Miami didn’t disappoint.
Between 10 p.m. and midnight Friday, Walsh’s 22-person Forward Surgical Team, practicing at Miami’s Ryder Trauma Center, handled a pedestrian hit by a car; a young woman knocked unconscious when she fell out of a fast-moving golf cart; a Key Largo biker who ran into a car; a 90-year-old man found face down in his room; a man stabbed in the thigh; and two Miami-Dade police officers in a car crash, one of whom had to be extricated by the Jaws of Life.
“We might get three or four traumas in a week in Scotts Bluff,” Walsh, an Army major, said. “You guys get it all.”
That’s why the 948th Forward Surgical Team, based in Smithfield, Mich., is putting in two weeks of last-minute team training in Miami.
It might seem a dubious civic distinction. The Army has chosen the Ryder Trauma Center at the University of Miami/Jackson Memorial Medical Center to train military surgeons, registered nurses and medics bound for Iraq or Afghanistan.
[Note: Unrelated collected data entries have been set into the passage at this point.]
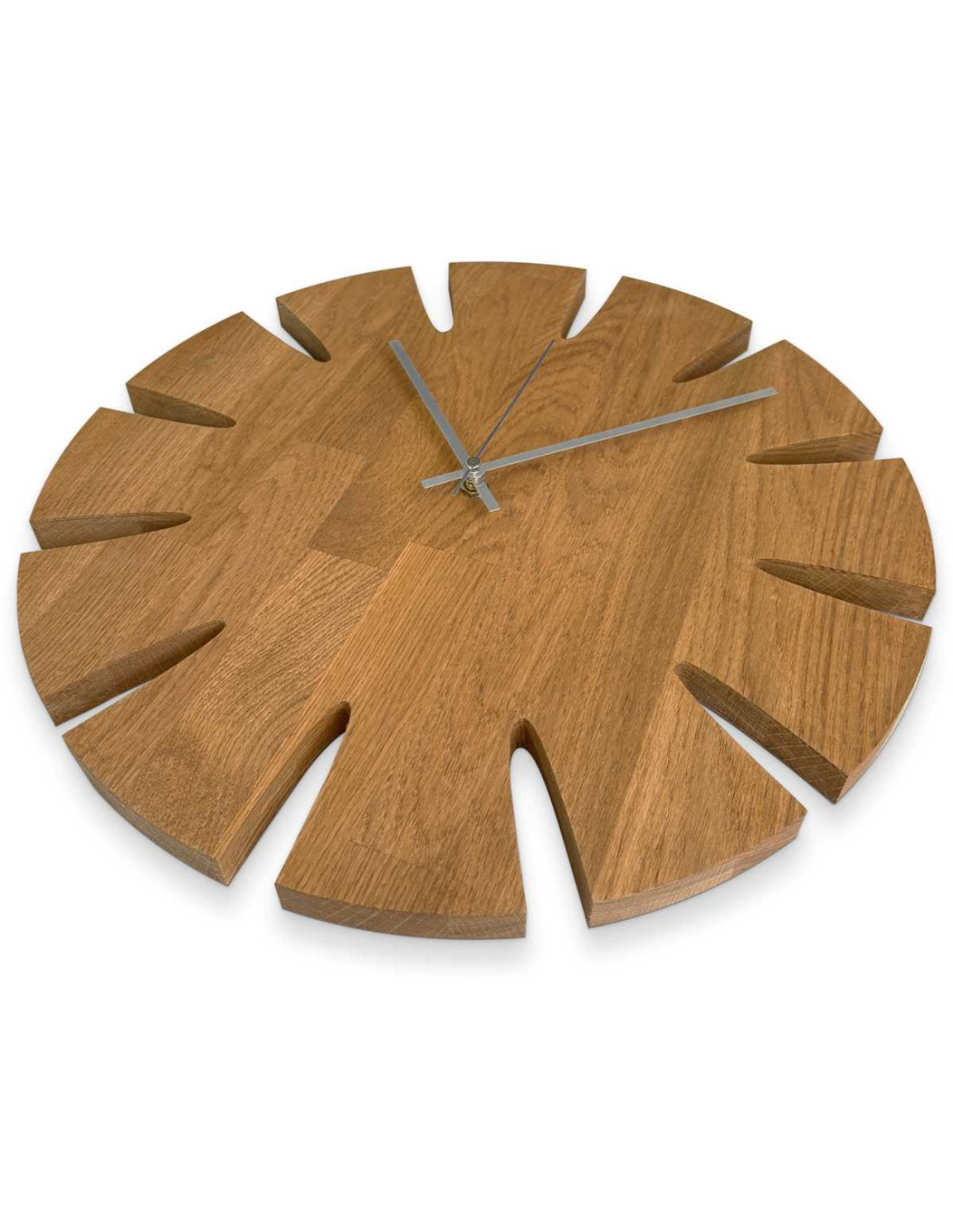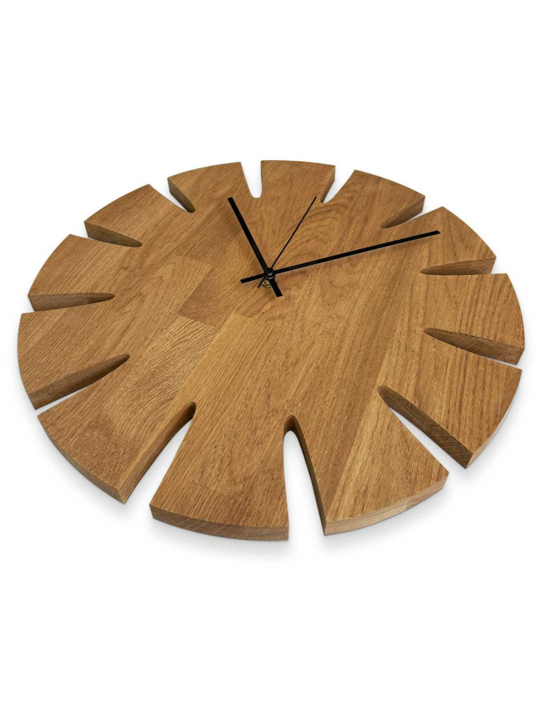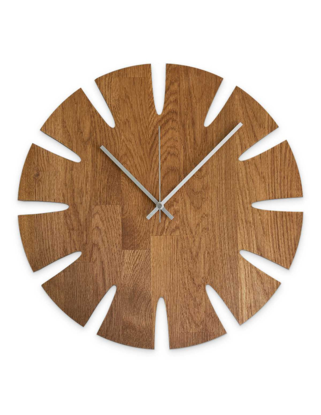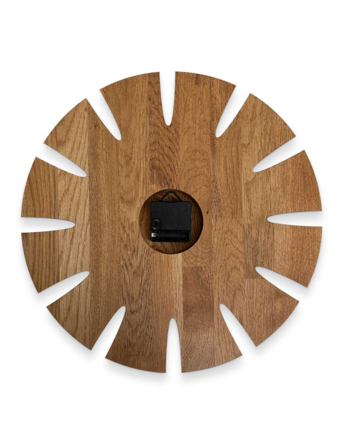 Jede Uhr wird aus massiven Eichenholzplatten gefertigt, die mithilfe von CNC-Technologie präzise zugeschnitten werden.
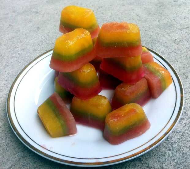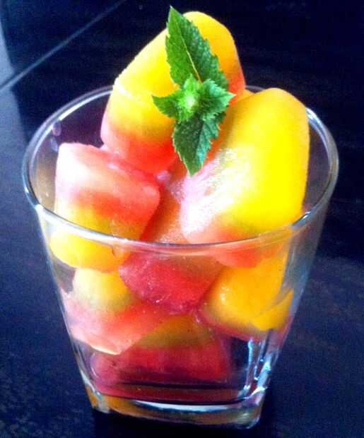 arco iris cóctel es impresionante, pero no tengo todos los ingredientes para hacer uno, así que hacer este cubo de hielo arco iris cóctel.Paso 1: Lo que usted necesita Color de hielo ingredientes• Sandía Smart• Mirinda naranja• Ywllow Gatorade• Manza
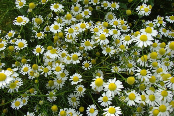 A camomila facilita a menstruação, combate distúrbios digestivos, úlceras da boca e garganta, gota e vermes intestinais.
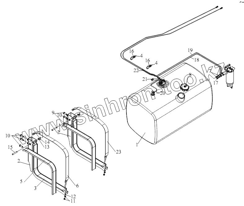Каталог запасных частей к технике: FAW CA 5250 (GJBP66K2T1E4). Топливный бак и топливопровод
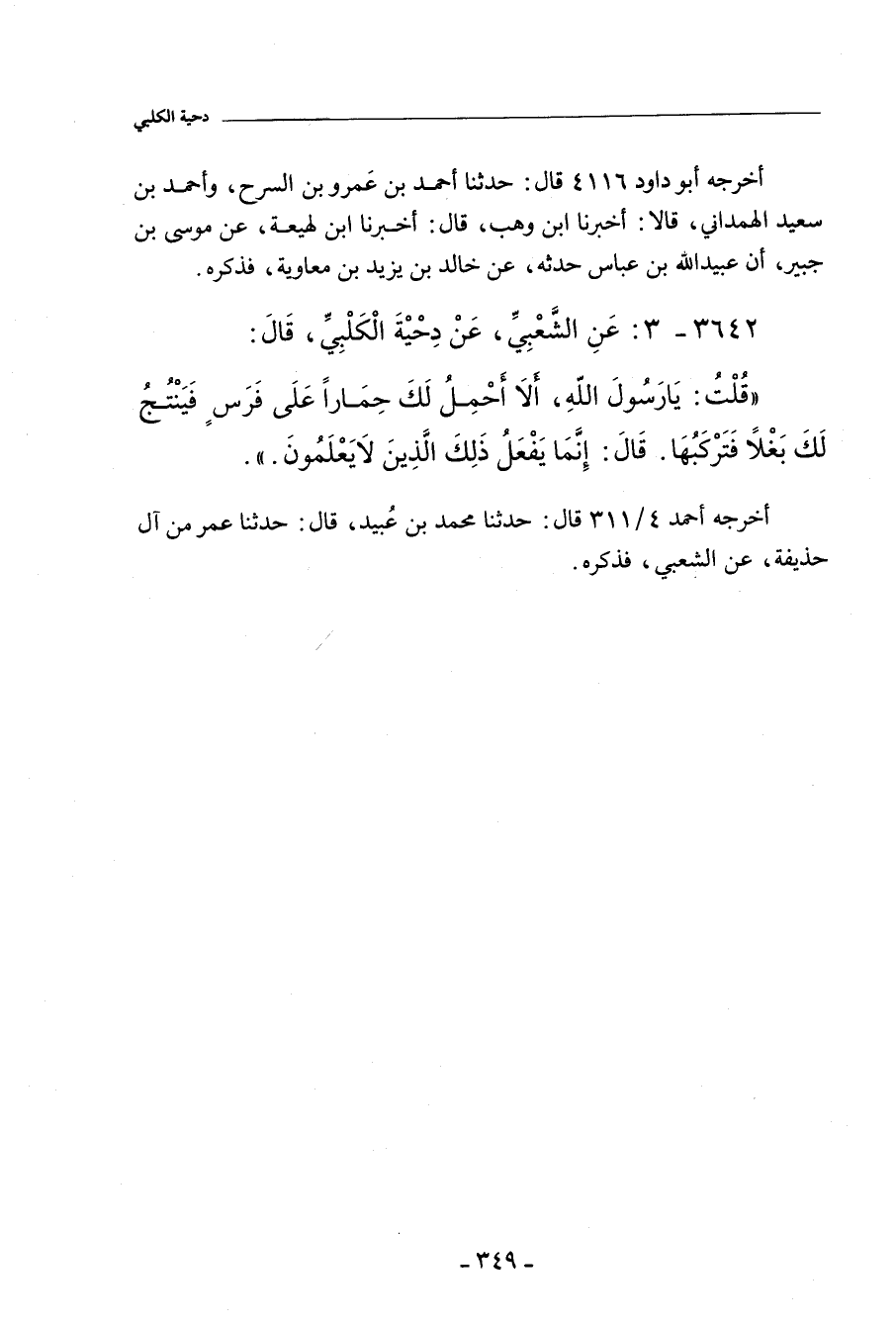قُلْتُ: يَا رَسُولَ اللهِ، أَلَا أَحْمِلُ لَكَ حِمَارًا عَلَى فَرَسٍ، فَيُنْتِجَُ لَكَ بَغْلاً، فَتَرْكَبُهَا؟ قَالَ: إِنَّمَا يَفْعَلُ ذَلِكَ الَّذِينَ لَا يَعْلَمُونَ.
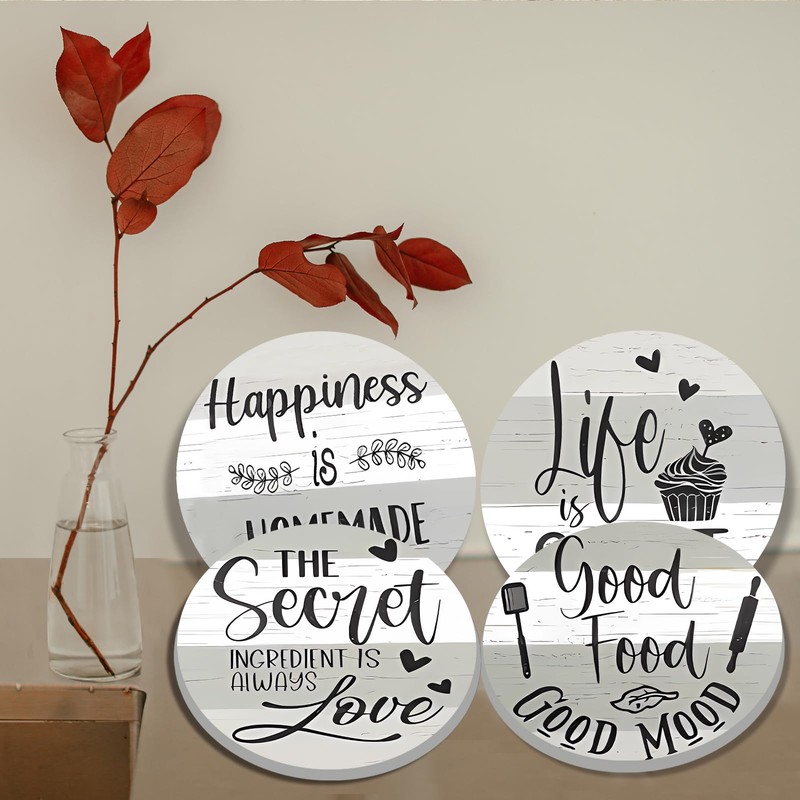 Walarky Farmhouse Rustic White Round Metal Hob Covers Set of 4 Stove Cooker Hob Covers for Cookers Gas Stove Protector Cookware Accessories Modern Cooktop Decor
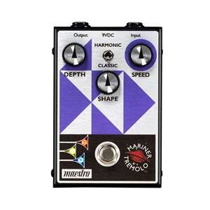 The Maestro Mariner Tremolo offers two amp-like tremolo options for “two pedals in one” functionality and increased sonic versatility. In Classic mode, you can swing from subtle, smooth amplitude modulation all the way to a sharper-edged, biting modulation, with many creative areas to explore in-between. In Harmonic mode, you can dial up timeless textural Harmonic Tremolo tones that are very reminiscent of the tones produced by a select few vintage amplifier tremolos. With its amp-like tones and ability to vary the tremolo’s wave shape, the Mariner Tremolo delivers a wide range of inspiring possibilities. The intuitive 3-knob control layout lets users quickly set the desired Depth (the intensity of the tremolo effect), control the Shape of the waveform (from a triangle wave to a square wave), and adjust the Speed of the tremolo effect. The true bypass footswitch triggers the LED lights in the bugles in the Maestro logo when it’s on, so you’ll always know when the effect is active.
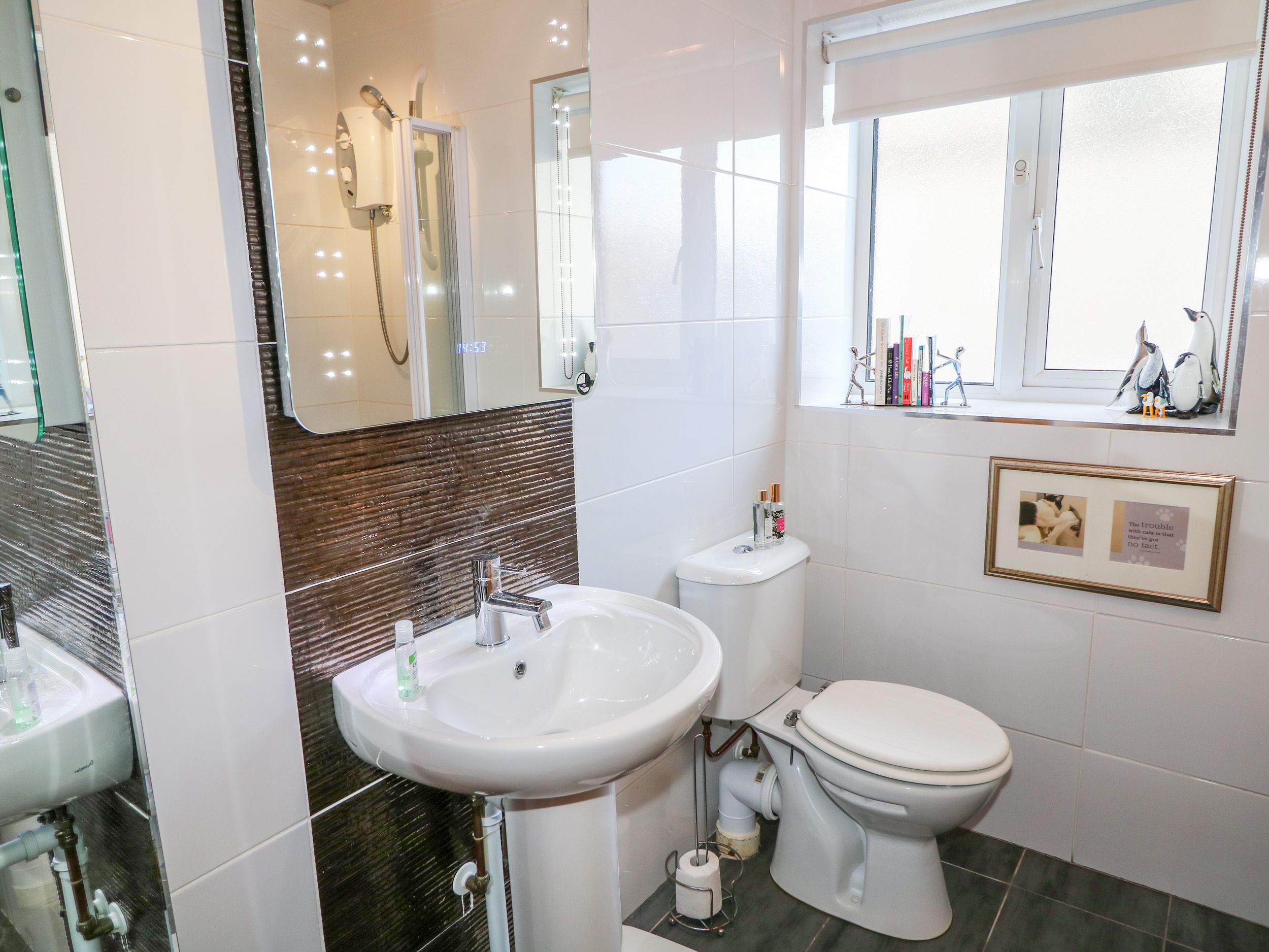 The apartment is ideally situated having access to great beach, train station and golf course. There is a great wee bakery across the road and a well stocked grocers nearby. The apartment was very clean and had excellent parking facilities. The downside was that it was full of owners extremely large ornaments and there was virtually no cupboard space for our things especially in kitchen and lacked wardrobes with adequate hanging. The living room had only a 3 seater sofa and no chairs for 4 people and no tv although there were 3 TVs located in other areas. There was no table or chairs to use when having a meal although there was space in living room for this but it was occupied with rather peculiar objects, we did enjoy our stay in Castlerock but wouldn’t stay here again.

It’s because of the center’s excellent reputation — and the likelihood that Miami will provide a big range of trauma on which to practice.
“It has the mix we need — penetrating traumas and blunt traumas, gunshots, knives,” said Donald Robinson, assistant professor of surgery at the University of Miami Miller School of Medicine and a U.S. Army lieutenant colonel on active duty. “We see 4,000 major traumas a year here; it’s one of the busiest centers in the U.S.”
REAL IS ‘BETTER’
In two intense weeks at Ryder, the team gets classes, clinical work and simulated combat surgery scenes, including lifelike mannequins covered in “moulage,” or fake movie blood, a nursing staff yelling at them and stereo speakers blaring battle sounds from Mel Gibson’s 2002 movie We Were Soldiers.
“But the real patients are better,” Robinson said. “Being able to touch real tissue, being put under stress. What we see in Iraq is polytrauma — blunt trauma, blast penetration, flash burns, metal fragments.”
The 948th Forward Surgical Team is a U.S. Army Reserve unit made up mostly of men and women with medical backgrounds, although nothing compared to what they will face in Iraq. Its leader, Lt. Col. Robert Monson, is a nurse anesthetist in Provo, Utah, usually handling dental and cosmetic cases; Staff Sgt. Johann Worch, the unit’s administrator, copes with knee abrasions and head lice as a school nurse in Franklin County, Ohio.
They get Army medical training during the one weekend a month and two weeks per summer they spend on active duty as reservists. They have come together here as a unit to learn the teamwork they will need in Iraq. Their team will go into combat with an Army brigade there, often directly under fire, setting up operating rooms in tents.
Their mission is to stabilize wounded soldiers, removing damaged organs if needed, then send them back to bigger Combat Support Hospitals.
“Our job is to battle chaos,” said Maj. Brad West, public information officer for the 11-person U.S. Army team stationed at Ryder to train 10 to 14 units like the 948th per year.
BY THE NUMBERS
The teamwork shows as Walsh’s crew swings into action over the 16-year-old girl hit by a car. As surgeon and leader, Walsh is asking the moaning girl what happened, what she ate and drank that day, where it hurts. Intensive care nurse David Jewett, a captain, is hooking her up to monitors. Right medic Porfirio Montes III, an Army specialist, is hooking up an IV. Left medic Jeremy Campbell, also a specialist, is taking blood for tests.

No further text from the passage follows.